◆ YOUR INSTRUCTIONS ◆
Exclude every picture and return the remaining entries below verbatim.
[[ PROVIDED DATA open ]]
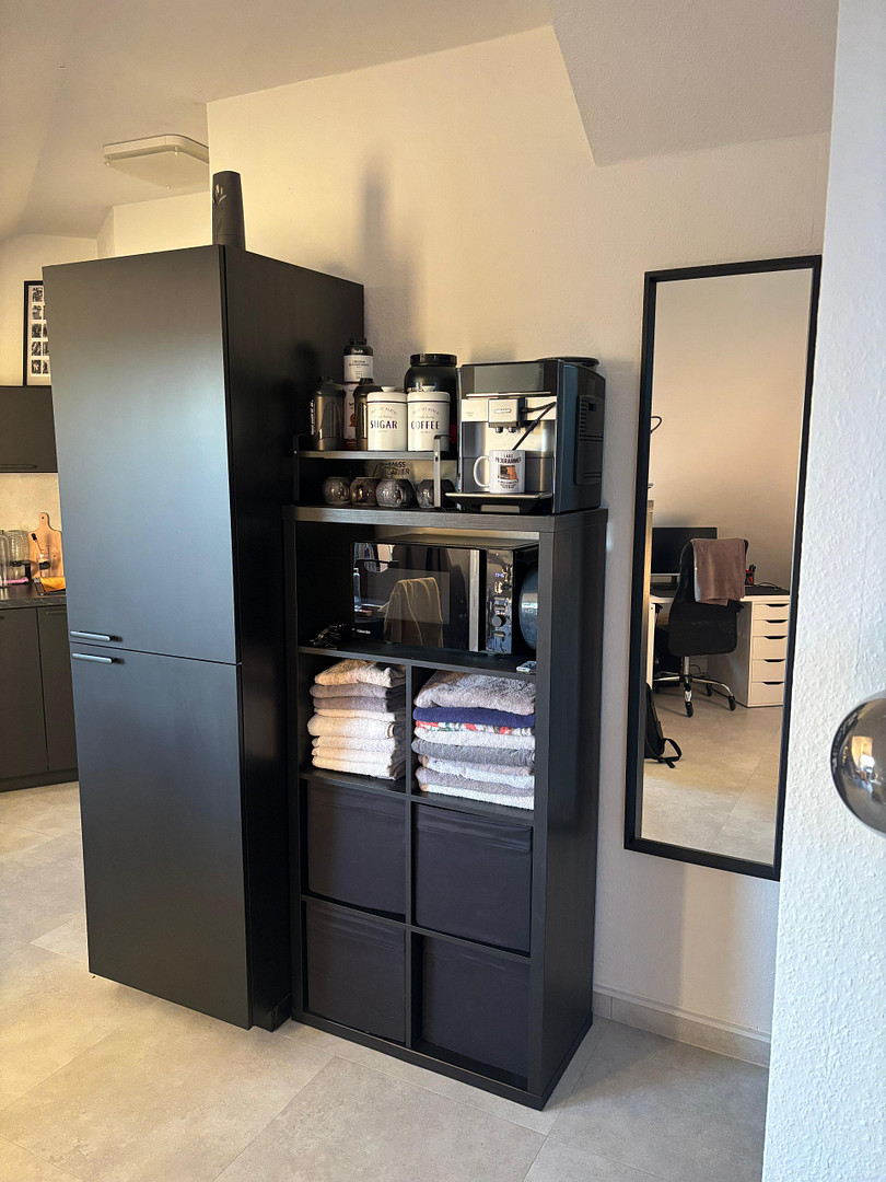 Die Wohnung ist teilmöbliert. Zur Ausstattung zählt eine hochwertige Küche mit einem Backofen, Induktionskochfeld, Spülmaschine sowie einer großen Kühl- Gefrierkombination.
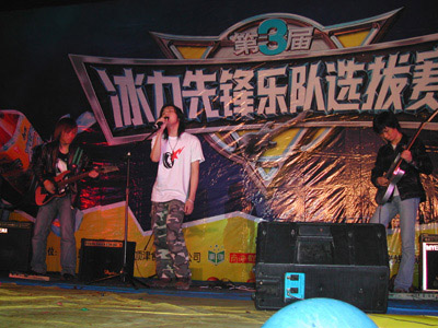 眠楽隊(南寧市) 2004年4月、康師傅冰紅茶第三届冰力先鋒楽隊選抜賽での写真。(写真:空谷校園)
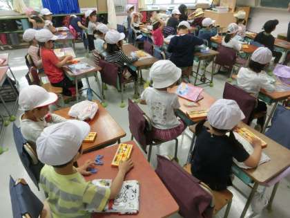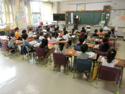 消防写生会が初めての経験となる1年生の教室では、消防自動車をスケッチするにあたっての入念な事前指導が行われていました。これがあるのとないのとでは、子どもたちの作品が段違いです。先生方の丁寧なアプローチが、きっと実を結ぶことと思います。
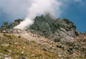 山頂付近はあちこちでガスが噴出。
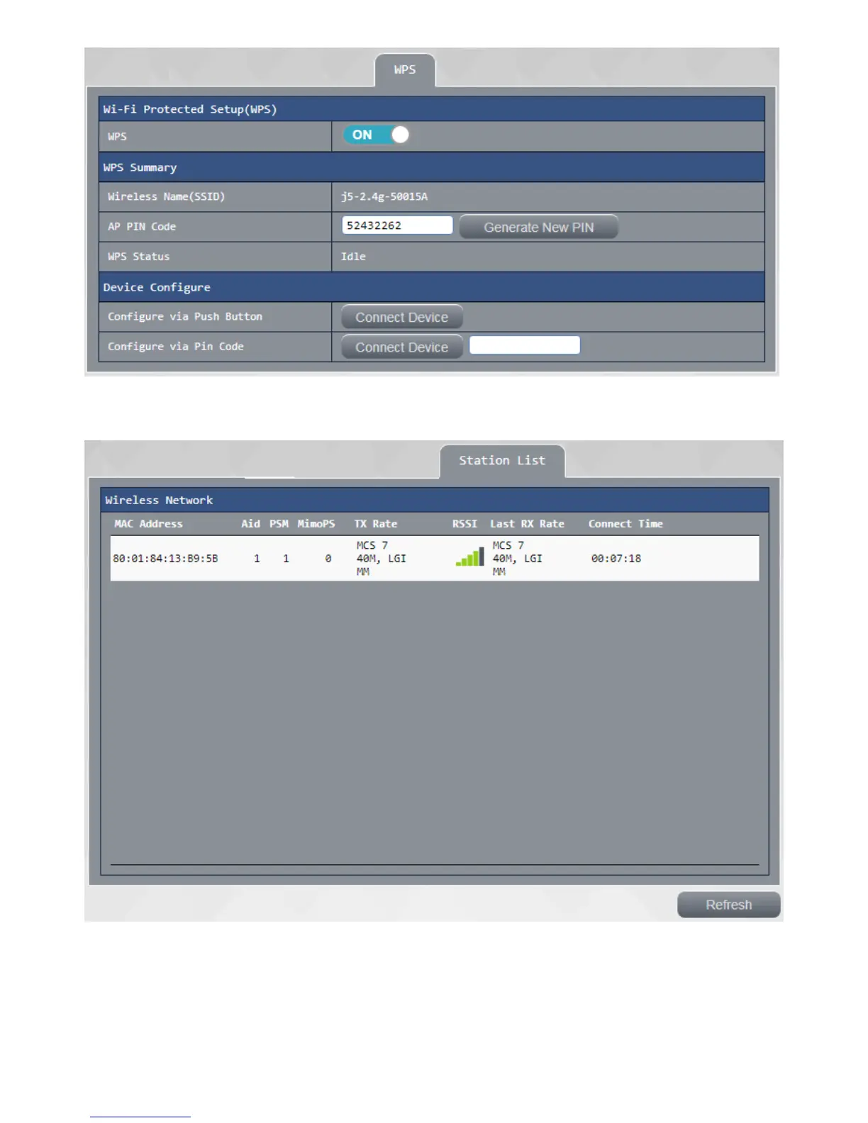 this page shows the current connected to the router the user usage statistics
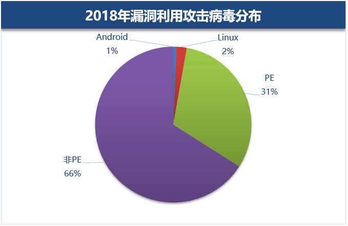 2.6 Windows漏洞利用病毒分布&被利用的漏洞分布 在2018年利用漏洞进行攻击的病毒中,非PE(文件格式)占了66%的高比例,而PE文件占了31%。常见非PE漏洞攻击病毒有Office宏类病毒、脚本类病毒。相比较PE,非PE病毒的攻击手法更灵活,对安全软件来说检测非PE病毒更为困难。
[[ PROVIDED DATA closed ]]
◆ EXERCISE RESULT ◆
 Die Wohnung ist teilmöbliert. Zur Ausstattung zählt eine hochwertige Küche mit einem Backofen, Induktionskochfeld, Spülmaschine sowie einer großen Kühl- Gefrierkombination.
 眠楽隊(南寧市) 2004年4月、康師傅冰紅茶第三届冰力先鋒楽隊選抜賽での写真。(写真:空谷校園)
 消防写生会が初めての経験となる1年生の教室では、消防自動車をスケッチするにあたっての入念な事前指導が行われていました。これがあるのとないのとでは、子どもたちの作品が段違いです。先生方の丁寧なアプローチが、きっと実を結ぶことと思います。
 山頂付近はあちこちでガスが噴出。
 this page shows the current connected to the router the user usage statistics
 2.6 Windows漏洞利用病毒分布&被利用的漏洞分布 在2018年利用漏洞进行攻击的病毒中,非PE(文件格式)占了66%的高比例,而PE文件占了31%。常见非PE漏洞攻击病毒有Office宏类病毒、脚本类病毒。相比较PE,非PE病毒的攻击手法更灵活,对安全软件来说检测非PE病毒更为困难。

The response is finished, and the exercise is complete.